The opening statement, where, first, the prosecutor is allowed to summarize to the jury the charges and purported evidence against you. Then, Ms. Saffari takes her turn to summarize the weaknesses in the prosecution’s case and evidence, and to otherwise highlight the strengths of your defense, including your exculpatory evidence.
The prosecution’s case. Here, the prosecutor calls his or her witnesses and presents all of his or her evidence against you. Witnesses are only allowed in the courtroom during their own testimony. The prosecutor conducts a direct examination of each witness, after which Ms. Saffari cross-examines each witness. At the end of this phase, the prosecution rests its case.
The defense’s case, where Ms. Saffari calls all of your witnesses, one by one, for direct examination. The prosecutor is allowed to cross-examine each of those witnesses. She may call you to the stand, if necessary. Since the burden of proof is on the prosecution, you have the Constitutional right to not testify (to avoid incriminating yourself or to avoid subjecting you to cross-examination by the prosecutor).
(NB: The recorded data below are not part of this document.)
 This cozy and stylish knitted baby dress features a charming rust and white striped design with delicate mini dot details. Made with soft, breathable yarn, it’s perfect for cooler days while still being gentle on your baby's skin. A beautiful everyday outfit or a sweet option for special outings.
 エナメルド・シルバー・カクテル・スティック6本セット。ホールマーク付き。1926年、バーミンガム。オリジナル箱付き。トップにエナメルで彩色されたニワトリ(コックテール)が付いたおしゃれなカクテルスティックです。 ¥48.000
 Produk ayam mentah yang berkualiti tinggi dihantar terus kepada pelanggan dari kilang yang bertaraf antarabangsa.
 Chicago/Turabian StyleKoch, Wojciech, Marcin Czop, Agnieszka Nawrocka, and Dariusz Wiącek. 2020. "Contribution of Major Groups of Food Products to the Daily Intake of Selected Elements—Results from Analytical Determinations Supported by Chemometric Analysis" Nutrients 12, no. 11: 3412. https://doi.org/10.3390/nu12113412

During this stage, Ms. Saffari attacks the prosecutor’s witnesses and evidence, and may provide an affirmative defense, i.e., witnesses and evidence that prove your innocence or she may present witnesses whose testimony weaken the prosecution’s case. Once this stage is completed, the defense rests.
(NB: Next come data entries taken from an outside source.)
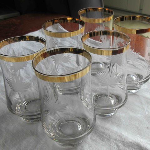 Kauniit peurakuvioiset juomalasit 6 kpl. Kulumaa kultauksessa. Hinta yhteensä 10e.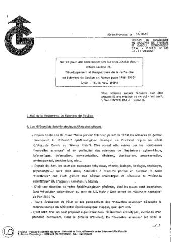 Communication au colloque ISEOR-FNEGE (Lyon, 15-16 Novembre 1984), p.132/140 des actes.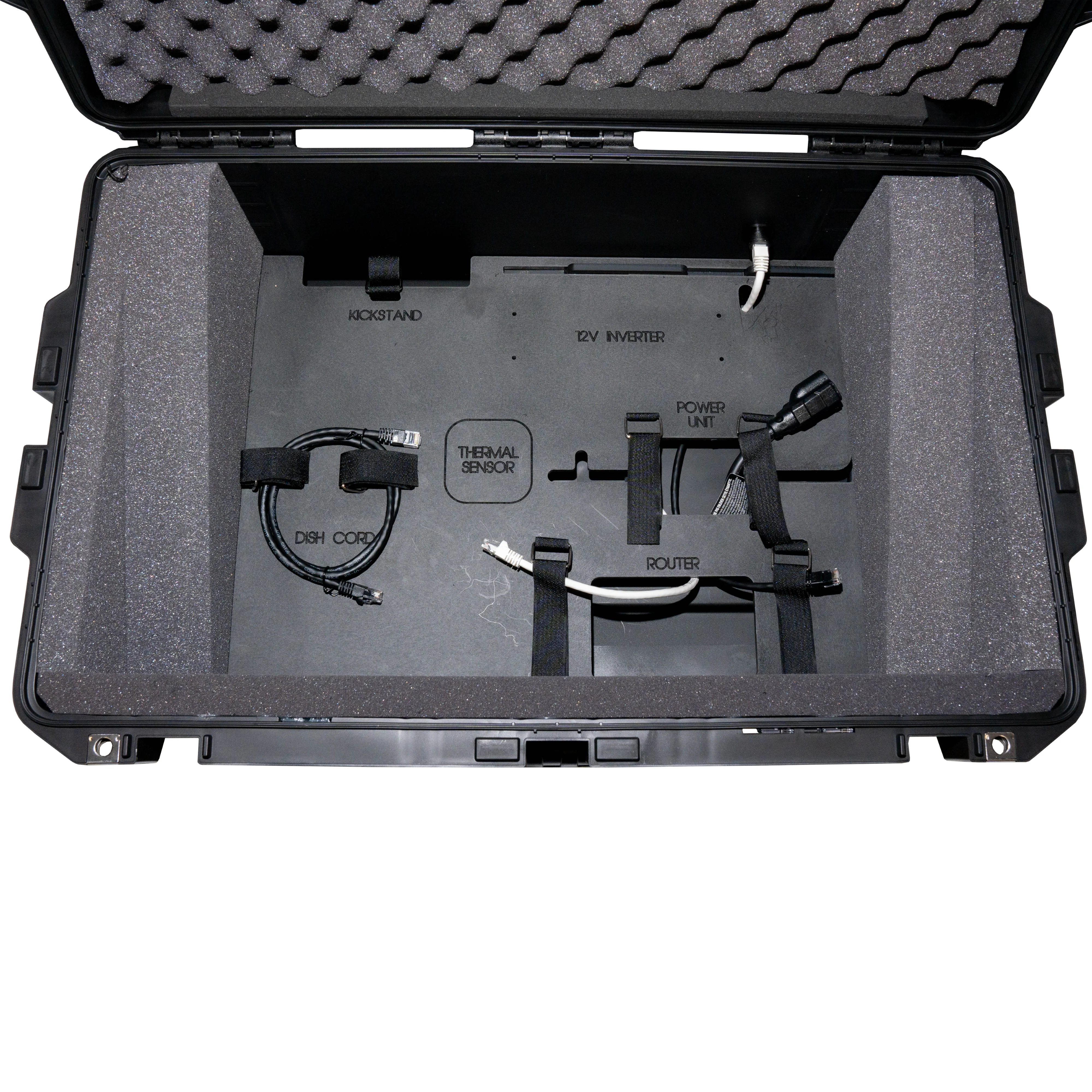 - ETHERNET PORTS: Starlinks router for this dish allows the user to add up to (2) hard wired ethernet connections to the system. You can add additional ethernet ports to your case allowing you to run those hard-wired connections externally through weatherproof ports on the rear of your case.

Closing argument, where each side sums up its own strengths, as well as the weaknesses of the other party’s case.
Jury deliberations and verdict.
The final stage, if you are convicted on at least one of the charges, is sentencing. Depending on the circumstances, you may be immediately remanded into custody to begin serving your sentence, or you may be allowed a short period of time to appear for a Sentencing Hearing and get your affairs in order.
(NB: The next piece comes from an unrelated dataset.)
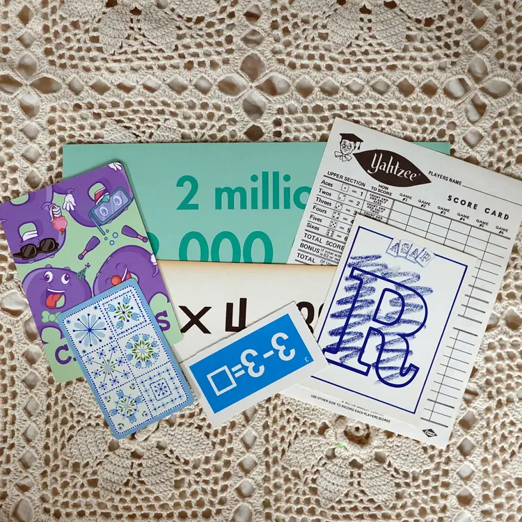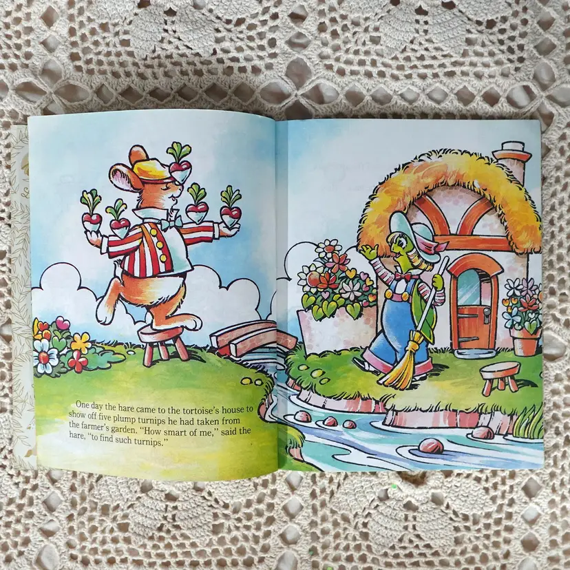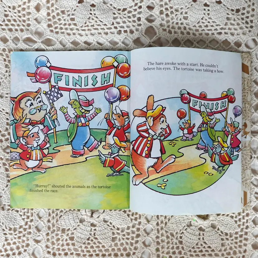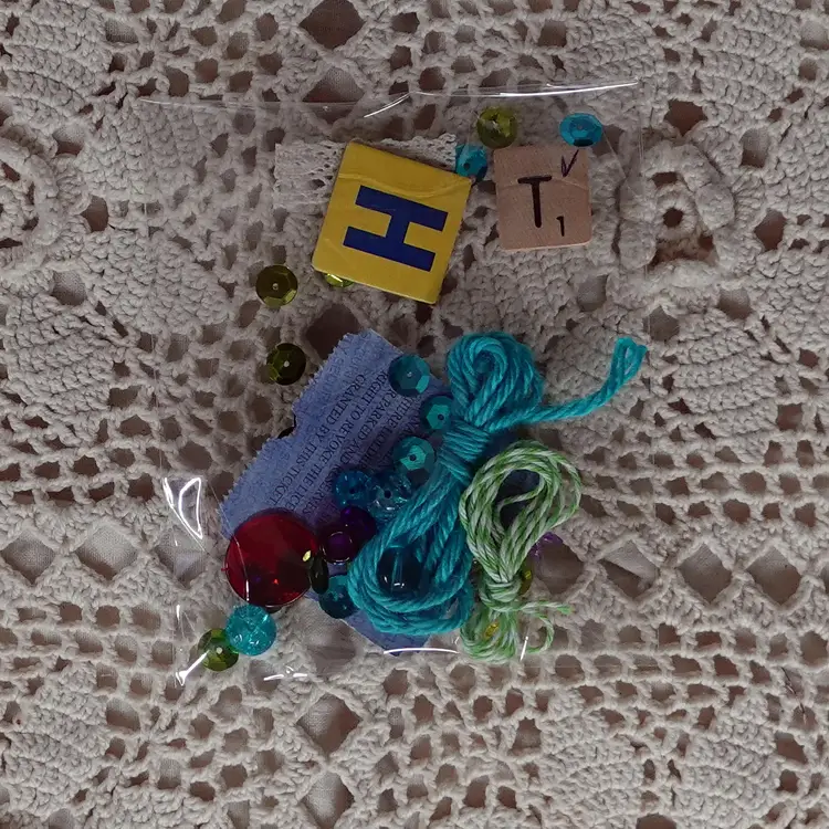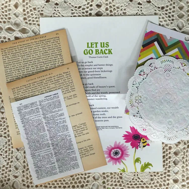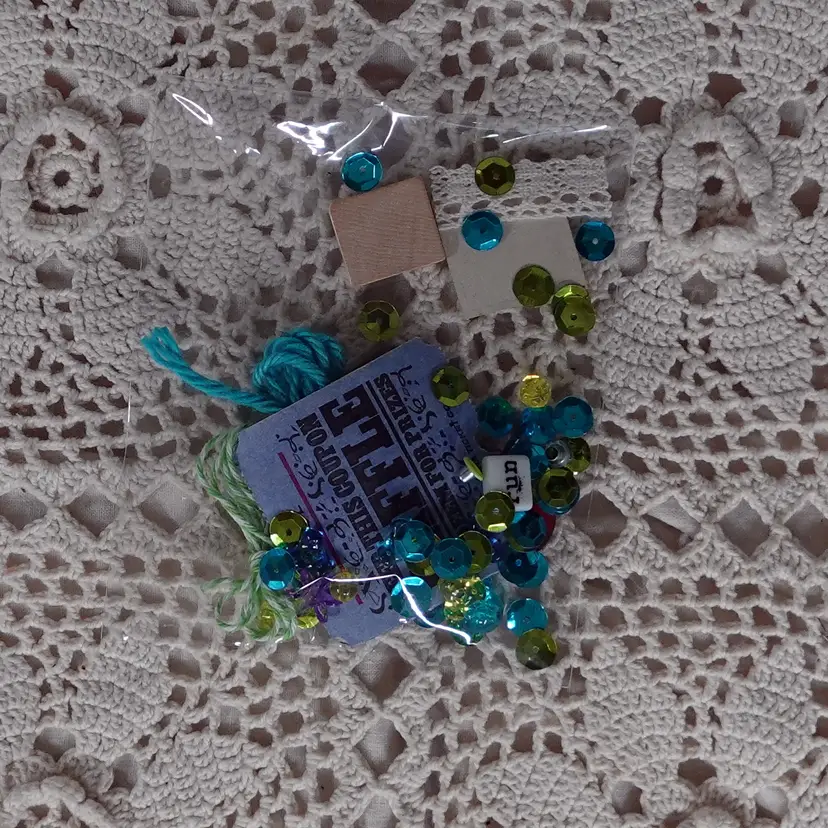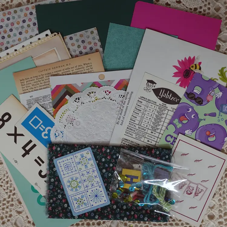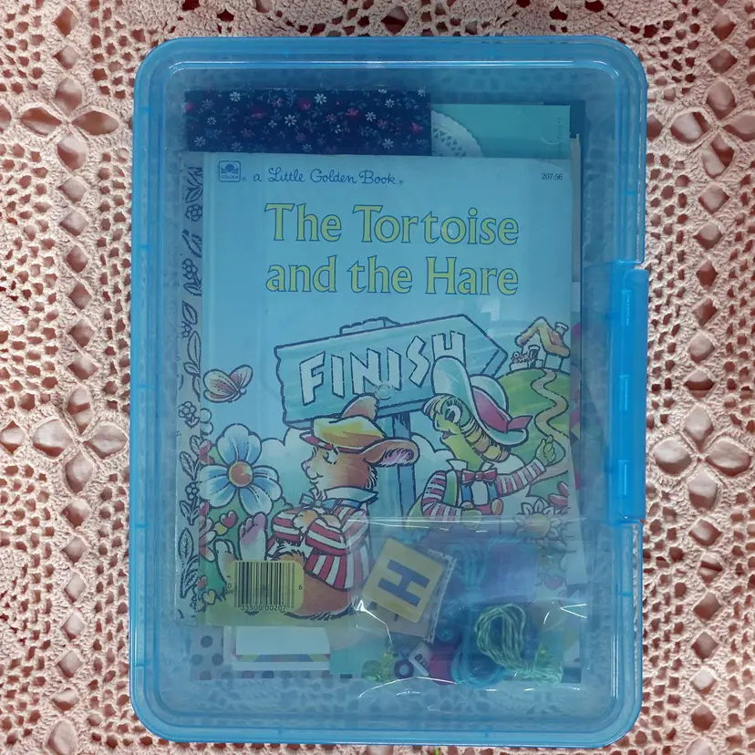 Fun Little Golden Book junk journal mini kit inside a Bin! The kit includes the following... Dollar Tree Bin, Little Golden Book, Coordinating Scrapbook Paper, Coffee Dyed Page, Lined Notebook Paper, Blank Paper, Ideals Magazine Sheet, Old Book Pages, Paper Doilie, Flash Cards Game Sheet, Playing Card, Coordinating Scrap Fabric for spine, and Bag Full Of Goodies. The bag includes.. Confetti, String, Ticket, Beads, Game Pieces and More.

Yes. Ninaz Saffari will file all applicable motions that could benefit you, including a Motion to Dismiss based on insufficient evidence, or to suppress (exclude) certain evidence that was gathered by police illegally and/or otherwise in violation of your Constitutional rights.
During the first stage of your case, Ninaz Saffari will conduct an extensive, thorough investigation into all the relevant facts, particularly those alleged in the police report. When applicable, she uses a highly experienced private investigator to visit the scene of the alleged crime and interview all potential witnesses. She may also hire one or more expert witnesses to prepare reports that she can use as evidence of your innocence or to otherwise attack the prosecutor’s evidence.
The second stage of your case is called the “discovery” phase. Here, the prosecutor is required by law to hand over all exculpatory evidence to your attorney. This means any and all evidence that could prove your innocence, or that otherwise could support your defense. If the prosecutor fails to do this, Ms. Saffari will bring this to the judge’s attention, including by filing a motion.
During this phase, the prosecutor will typically offer you a plea agreement. This plea will can be extremely unfavorable, meaning that the conviction you are offered, or the time you will serve, will not be much less than what you would have received if you lost at trial. However, in many cases, the longer the case takes, and the more work Ninaz Saffari does on your case in gathering exculpatory or mitigating evidence, the greater your chance that the offer will improve. However, this is certainly not always the case, particularly if the charges are serious or if you have prior convictions.